Give the data below again exactly as written, but without the pictures.
[[ SUPPLIED MATERIAL open ]]
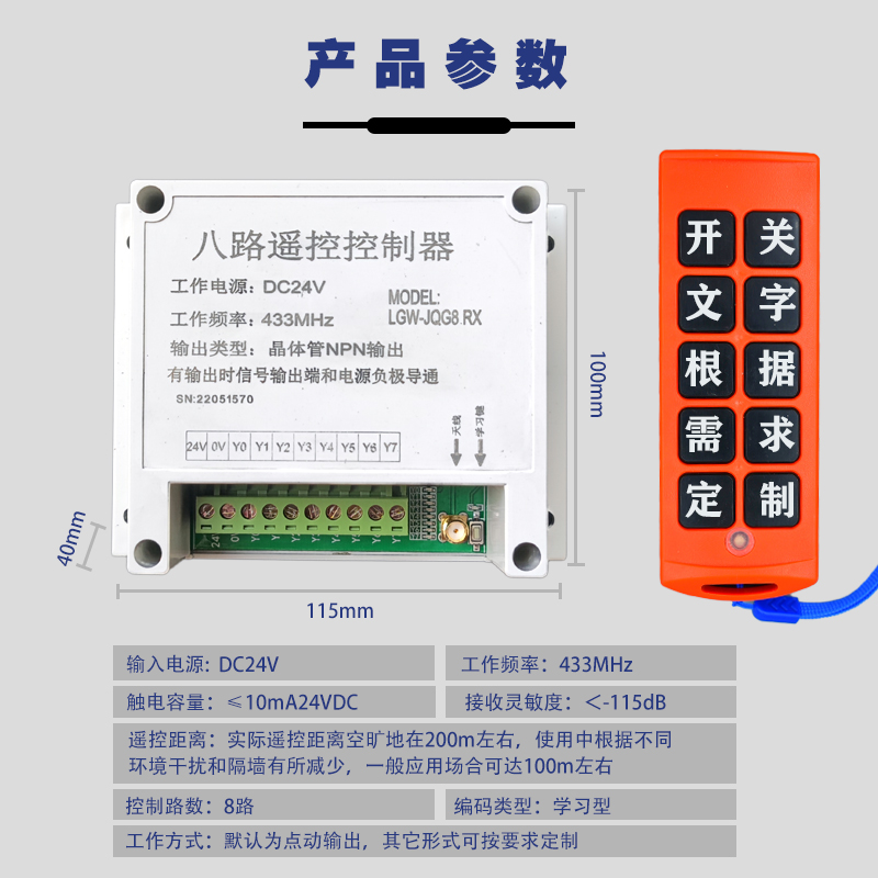24V8-way wireless remote control switch PLC special custom remote control jog self-locking interlocking distribution box industrial control
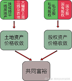如果相信国家,相信国运,相信我们这代人有智慧,走好伟大复兴的最后一里路。我们就要知道要实现共同富裕,必须在资产端想办法,作为国民财富最大的体量的房地产,一二线和三四线城市房产以及农村自建房的价格缩小差距是共同富裕的逻辑必然。股票作为国民财富的第二大类别,体现少数人利益的私营企业和体现全体国民利益的国有企业,估值,社会评价缩小差距,也是共同富裕的逻辑必然。
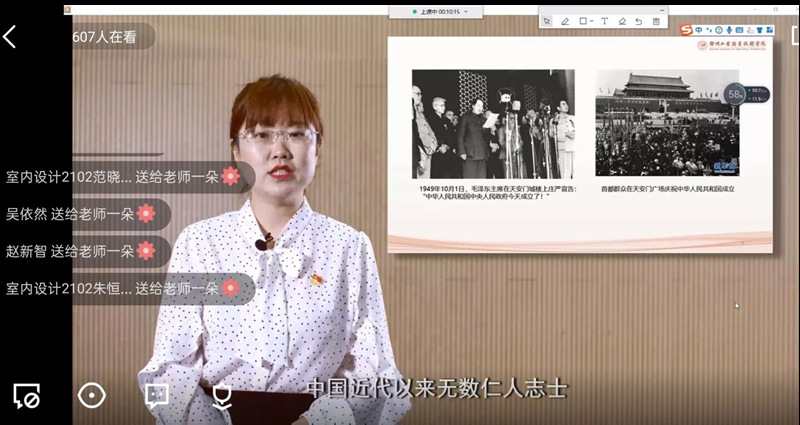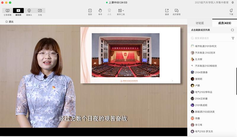 曾晓副教授以“进入大学之后,你们最想做什么?”开题,从1840年鸦片战争开始,通过详实细致的历史记录和感人至深的红色故事,带领同学们回顾了我国的历史发展进程,勉励青年学生要勇于进取,不断挑战,在大学期间应当尝试更多的可能,完成新的蜕变,在时代的变革中砥砺前行。
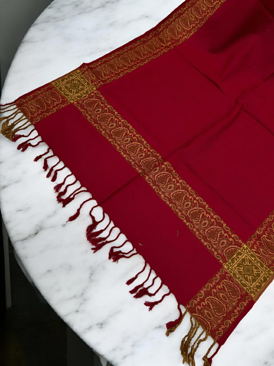 Raspberry Mustard Border Paisley Pashmina Hijab
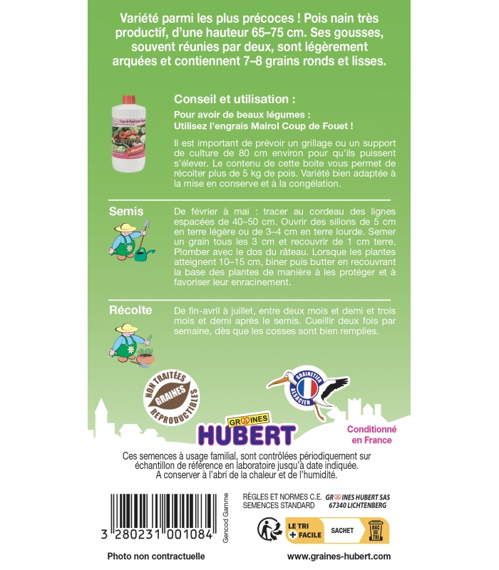 Cette boite de 175 grammes vous permet de récolter plus de 5 kg de pois.
[[ SUPPLIED MATERIAL closed ]]
> _EXPECTED ANSWER_
24V8-way wireless remote control switch PLC special custom remote control jog self-locking interlocking distribution box industrial control
如果相信国家,相信国运,相信我们这代人有智慧,走好伟大复兴的最后一里路。我们就要知道要实现共同富裕,必须在资产端想办法,作为国民财富最大的体量的房地产,一二线和三四线城市房产以及农村自建房的价格缩小差距是共同富裕的逻辑必然。股票作为国民财富的第二大类别,体现少数人利益的私营企业和体现全体国民利益的国有企业,估值,社会评价缩小差距,也是共同富裕的逻辑必然。
 曾晓副教授以“进入大学之后,你们最想做什么?”开题,从1840年鸦片战争开始,通过详实细致的历史记录和感人至深的红色故事,带领同学们回顾了我国的历史发展进程,勉励青年学生要勇于进取,不断挑战,在大学期间应当尝试更多的可能,完成新的蜕变,在时代的变革中砥砺前行。
 Raspberry Mustard Border Paisley Pashmina Hijab
 Cette boite de 175 grammes vous permet de récolter plus de 5 kg de pois.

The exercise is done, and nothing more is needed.